- [Task directions]
Going through the material below, output exactly the lines from the one containing "AK Prag, Pulverturm" through the one containing "Зуб (фрагмент). Акула.", and no pictures.

== Task inputs ==

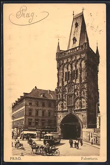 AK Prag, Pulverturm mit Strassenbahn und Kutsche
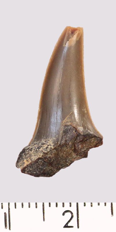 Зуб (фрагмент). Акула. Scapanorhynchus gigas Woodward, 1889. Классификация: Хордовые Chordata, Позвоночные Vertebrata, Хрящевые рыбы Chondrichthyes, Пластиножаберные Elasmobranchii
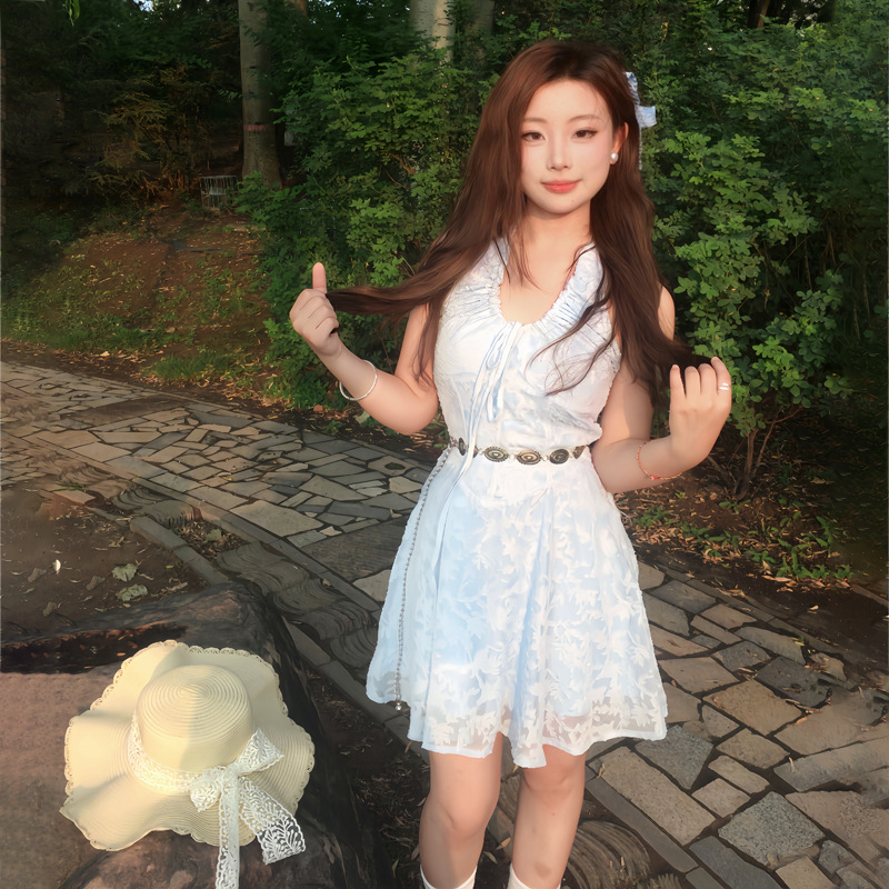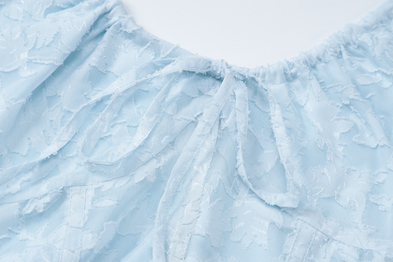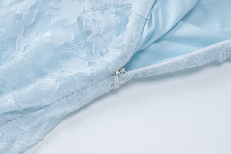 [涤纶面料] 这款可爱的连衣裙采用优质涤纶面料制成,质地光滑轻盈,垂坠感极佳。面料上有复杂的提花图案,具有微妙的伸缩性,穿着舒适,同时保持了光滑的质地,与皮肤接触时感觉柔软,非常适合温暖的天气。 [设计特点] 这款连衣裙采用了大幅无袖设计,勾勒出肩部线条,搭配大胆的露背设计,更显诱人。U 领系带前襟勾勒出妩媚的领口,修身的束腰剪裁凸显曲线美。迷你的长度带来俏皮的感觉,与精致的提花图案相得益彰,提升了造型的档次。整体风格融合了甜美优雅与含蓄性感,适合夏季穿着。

===
== Task inputs ==

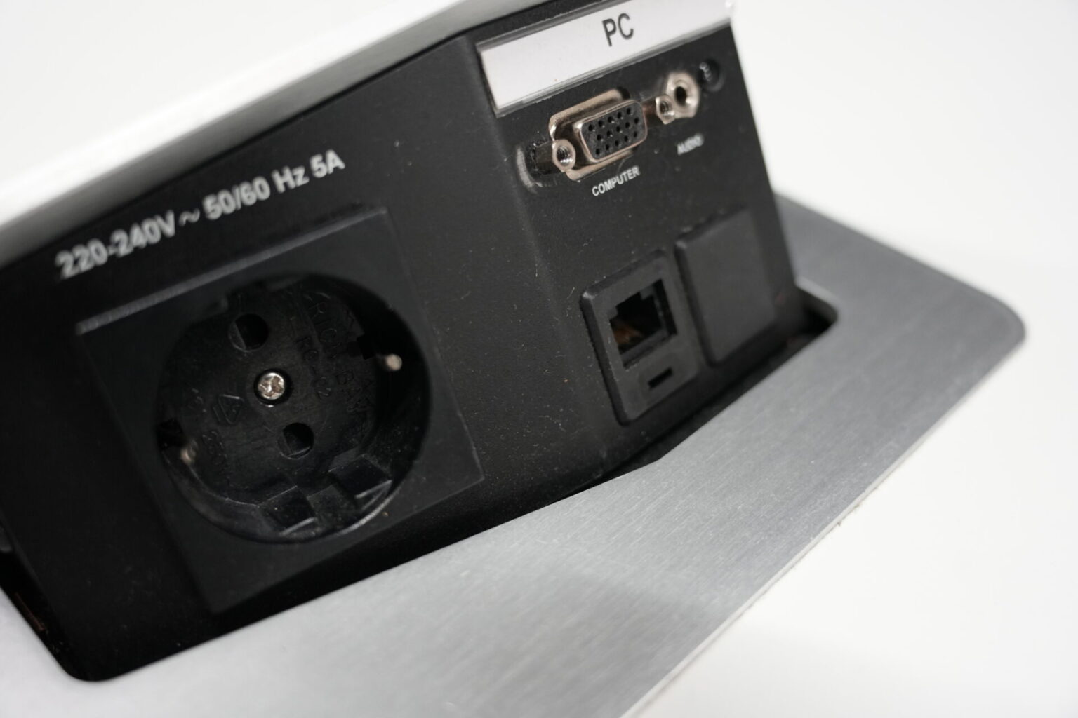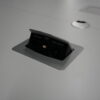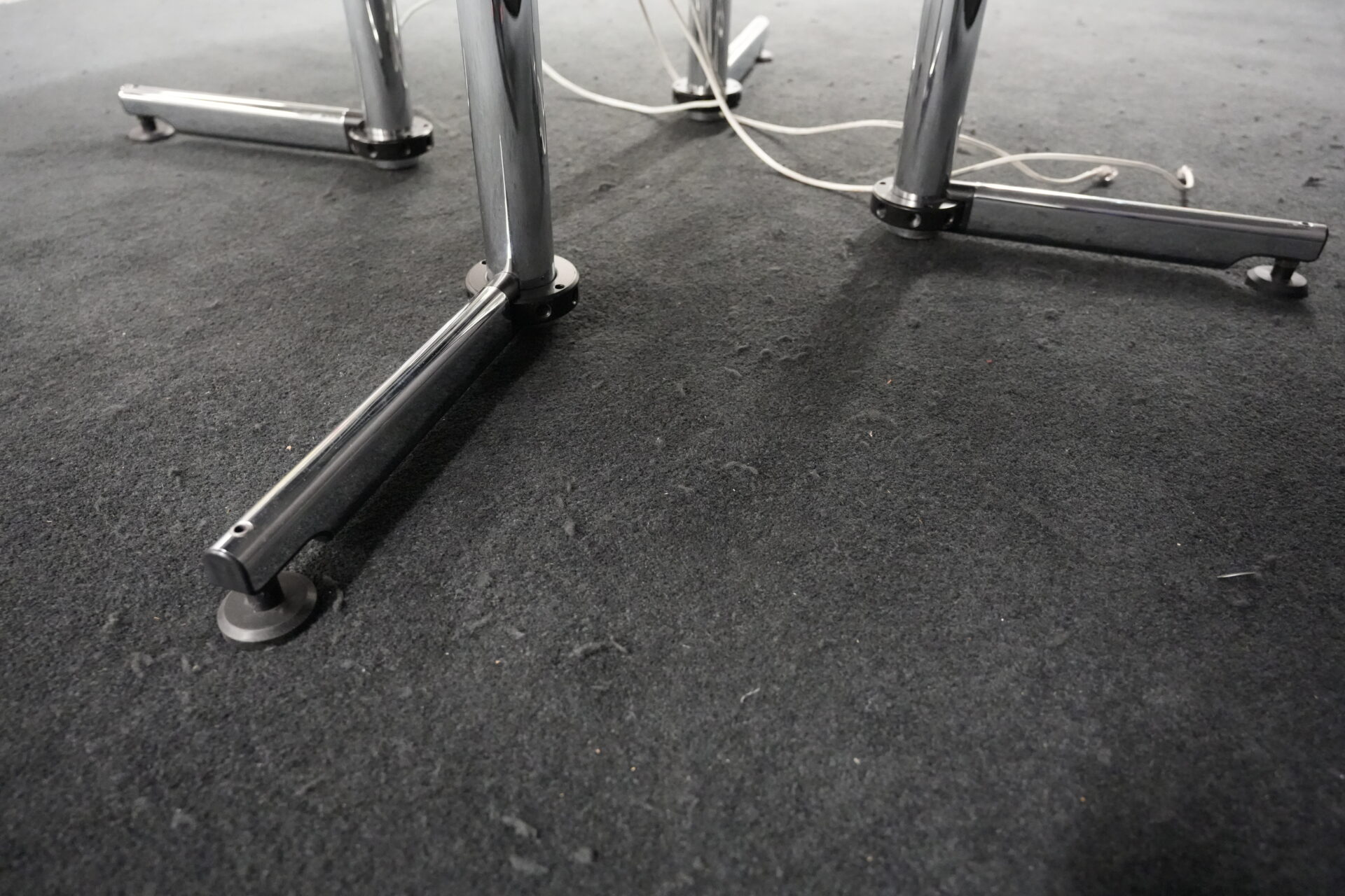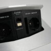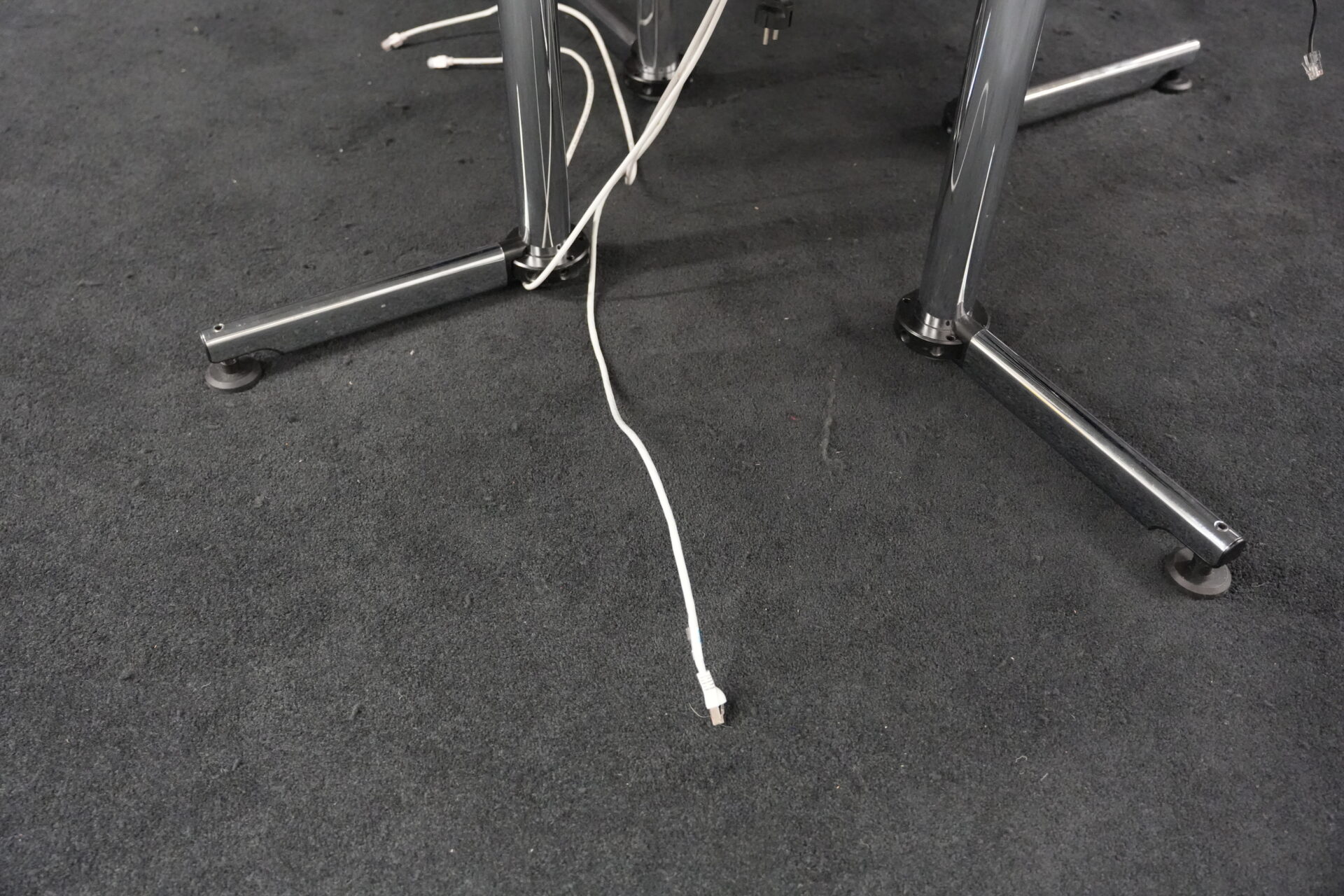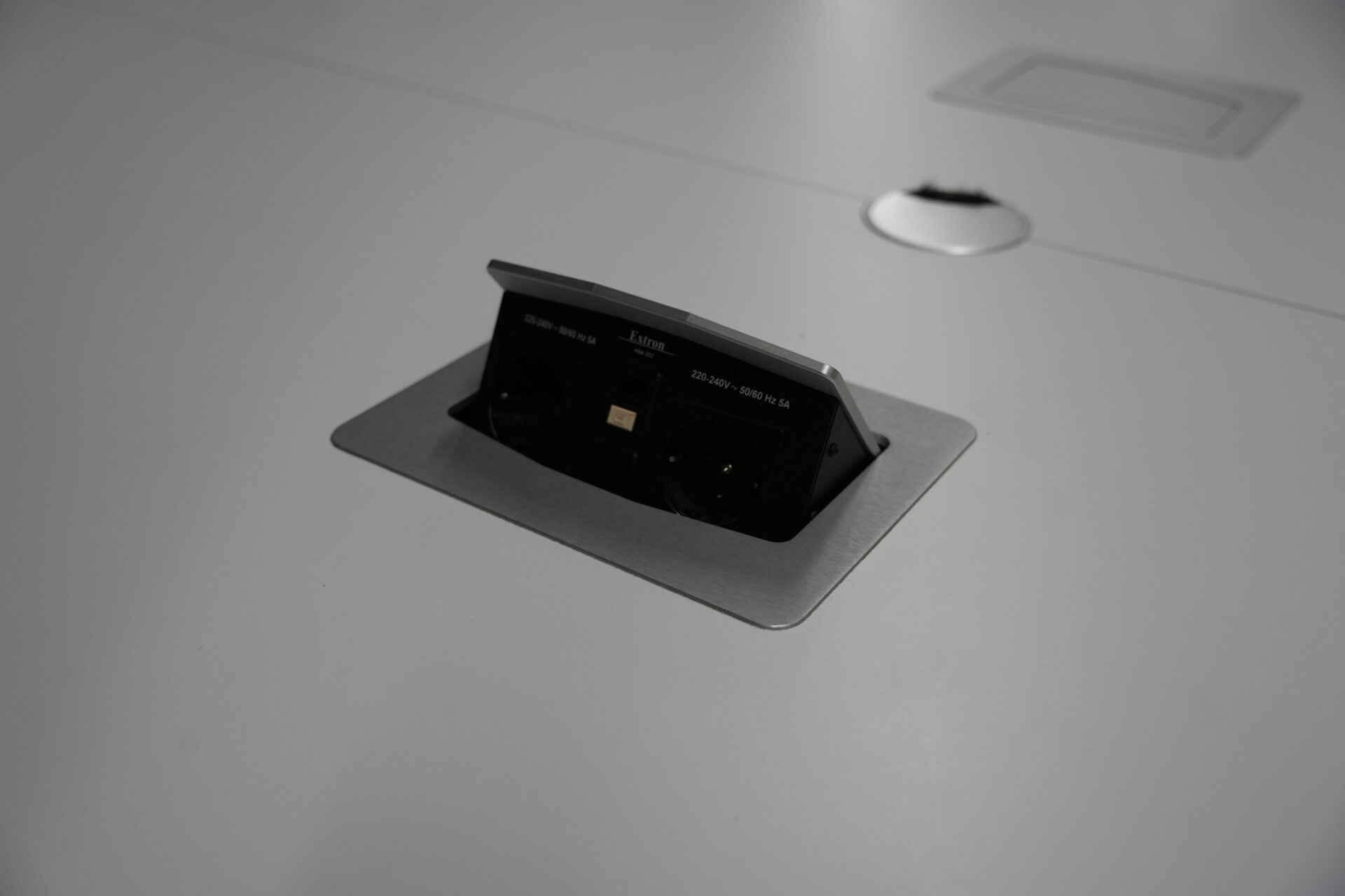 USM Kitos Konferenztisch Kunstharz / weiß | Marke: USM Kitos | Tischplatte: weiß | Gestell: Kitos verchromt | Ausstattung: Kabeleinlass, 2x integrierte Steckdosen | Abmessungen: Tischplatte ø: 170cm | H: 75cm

===

- [Solution to this task]
 AK Prag, Pulverturm mit Strassenbahn und Kutsche
 Зуб (фрагмент). Акула. Scapanorhynchus gigas Woodward, 1889. Классификация: Хордовые Chordata, Позвоночные Vertebrata, Хрящевые рыбы Chondrichthyes, Пластиножаберные Elasmobranchii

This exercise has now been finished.